Anonymous: Is the story of the russian sniper at Stalingrad shown in that movie “Enemy at the Gates” true? - AWinkelried
Anonymous: This website (link) says it’s probably not true. - JCorrado
Anonymous: Thanks for nothing doofus. I know how to use Google too. I want better information than someone’s stupid website that looks like it was designed by a drunk chimpanzee. - Awinkelried
Anonymous: I don’t think you’ll get a lot of help here with that attitude, putz. - JCorrado
Anonymous: That wasn’t me, that was some other moron. - Awinkelried
Exactly! So Poster A, who has, in the meantime gotten hooked on the board, says “I didn’t say that! Here’s my $20, turn on my identity so I can really participate in this discussion” The sad alternative is that, with straight PTP, Poster A, having been a lurker up to this point, never posts at all.
I, therefore, disagree that it would be a “mess.” It wouldn’t be as clean as the current system, but it would generate revenue for the Reader while preserving the interaction among the large, varied and talented group that make this board what it is.
kabbes, L_C
Any thoughts on the financial side of this? My initial thoughts are that you’d probably have a lower price point but that you’d have much greater uptake initially. Nor would the revenue curve drop off as fast as it would with straight PTP.
Okay, how about instead of all unpaid posters getting “Anonymous” registration, how about they all get unique, but very boring names, like “Guest #26534”. We could keep track of who says what if it’s really important, but it would be very hard to distinguish yourself in the SDMB community with such a name…
Hey there. I will certainly miss you my dear…how could I not, after that wonderful time we had in the haunted thread [sub]thought I’d forgotten about that eh?[/sub]
I am against “me too” posts, but since I am responding here to multiple posters I think it is ok. So, me too, squared and cubed.
Well I’ll be dipped in shit, fried in butter, and served on a plate. He’s real. And in some wonderful alternate universe (not in this one of course) he will respond to my post by saying "Of course I’m real, you doofus. And don’t call me “Shirley”.
Big 'ole whoosh.
And when he does, his identity gets turned on in all his previous posts, thus vindicating him. This can be done with vBulletin, can’t it? If it could be worked out, you would wind up with a strong incentive for people to register. This seemed like a really good idea to me, I wanted to contribute to it.
I’ve read a lot of good suggestions here about ways to get people “hooked”…free trials periods, keeping certain forums free, etc. To this I would like to add, make posting free at certain times of day, say at typically off peak hours. Is this technically feasible?
If it isn’t, and none of the other schemes are, then I just want to express my very strong conviction here that there simply must be some way to accomodate the “impulse buy”. The simplest thing would be to sell subscriptions in increments of less than a year. Even better would be to sell the right to make a limited number of posts for some very small, nominal fee, even if this has to be done at a loss. But if new users have to pay $50 up front to make their very first post, well, you might as well shut the place down right now.

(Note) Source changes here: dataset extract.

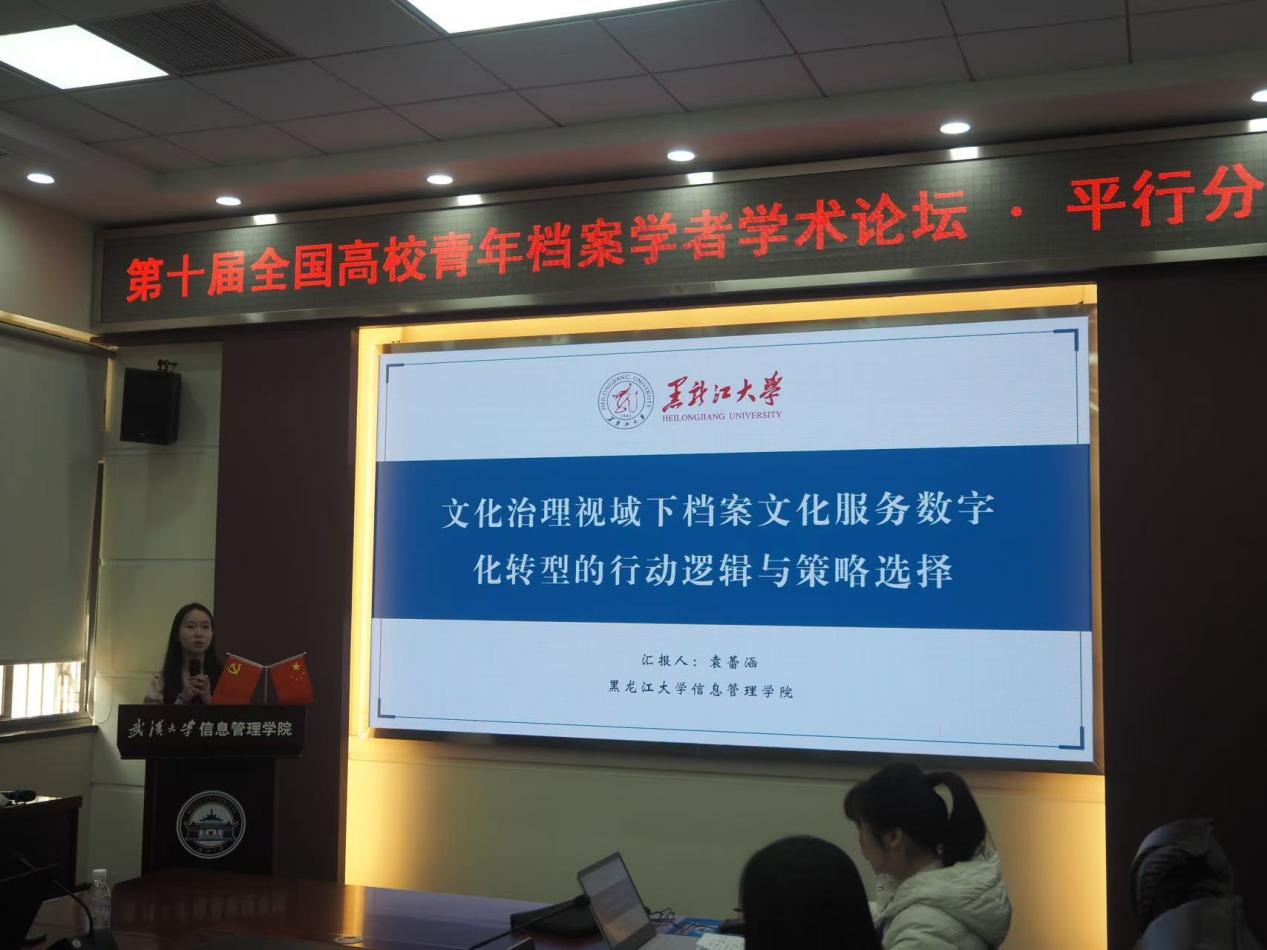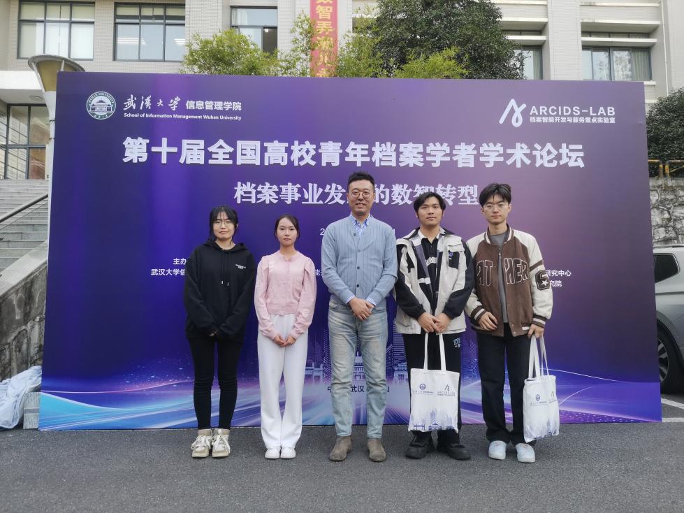 2024年11月29日至12月1日,由武汉大学yl6776永利集团主办,档案智能开发与服务国家档案局重点实验室承办的第十届全国高校青年档案学者学术论坛在武汉大学成功召开。论坛同期举办武汉大学档案学科重建40周年暨数智时代档案学专业人才培养学术研讨会。武汉大学党委副书记楚龙强,国家档案局原副局长、中央档案馆原副馆长付华,湖北省档案馆副馆长刘晓春,中国人民大学教授张斌等致辞,中国人民大学原常务副校长、国家一级教授冯惠玲作主旨报告。来自档案学界、业界的200多位专家学者和学生代表与会。我院任越教授与徐海静副教授带队,档案学专业硕士研究生袁蕾涵、王梓萱、李泊泳、谭科铭共6人参加本次论坛。

Related to the impulse buy issue, is there any feasible way to set up a micropayments system, where people could pay a cent or a fraction thereof for each post? I suspect there isn’t, but I gotta ask.
I think one of the main issues among people who can pay, but might not do it, is the fact that they don’t really know what they will be paying for. Think about it. Once ptp is implemented, the board as we know it will cease to exist, and be replaced by something else. Will it be better or worse? Better is concievable. The signal to noise ratio would certainly improve. Perhaps some people we don’t like will be gone. But I think the downside potential is much greater, for reasons others have pointed out in great detail. This uncertainty is going to keep a lot of people holding back, I suspect.
I would also like to know, have the powers that be here investigated how other free boards of comparable size deal with the problems we have, and also, how other similar boards who have converted to ptp have fared (if any such thing exists). I would be very interested to hear about it.